Old Kingers did not have to grapple with they, them, theirs as pronouns adopted to avoid specifying the sex of the person referred to. He must have known that the ploy was already in use, as when a husband arrived home late and told his wife: “I was held up by someone wanting me to see their etchings.” Not her etchings.

Indeed, they as a non-sex-specific singular pronoun and their as the corresponding adjective have been used for hundreds of years. “If a person is born of a very sensible, gloomy temper,” wrote Lord Chesterfield in a letter of 1759, “they cannot help it.”
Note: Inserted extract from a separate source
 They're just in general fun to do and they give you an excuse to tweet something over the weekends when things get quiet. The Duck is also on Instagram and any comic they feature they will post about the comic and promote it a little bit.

But now, unyielding pressure is for the obliteration of hehim as default pronouns and their replacement by theythem. We went through a transformation just as strange when the plural pronoun you supplanted the singular thou, out of politeness. The funny thing is that one still has only to go 100 miles or so from London, to the north Midlands, to find thou (“Th’art daft”) in rude health orally. Yet it is never heard in neutral use in broadcasting, only in distanced artistic use in drama or poetry.

Pronouns are not the only parts of speech causing trouble through language-change. The modal verbs may and might have been in crisis for two generations. I often see may being used where I could only use might. “If it had started to rain, the fire may have been put out” suggests that the fire possibly was extinguished. If it wasn’t, may has to be might.
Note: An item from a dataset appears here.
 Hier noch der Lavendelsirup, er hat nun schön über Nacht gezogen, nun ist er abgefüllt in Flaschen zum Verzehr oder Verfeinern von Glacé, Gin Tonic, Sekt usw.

But what is an editor to do with ungrammatical quotes? Deon Cross, the Rugby League player, was quoted in the Sunday People: “If I knew then, as a scholarship player, what I know now, I may have got there sooner.” But Cross didn’t know then what he does now, and the conventional way of expressing it would be “if I’d known” and “I might have”. Yet to change it would misrepresent the speaker’s idiom. It might even delude future historians of language who took it for a sample of demotic speech.

By the way, a mechanical subeditor might have “corrected” Pope’s couplet by changing “none/Go just alike” to “none/Goes just alike”. That would defy sense and historical usage, but it’s the sort of thing that happens in newspapers.

The writer is an assistant editor of The Daily Telegraph.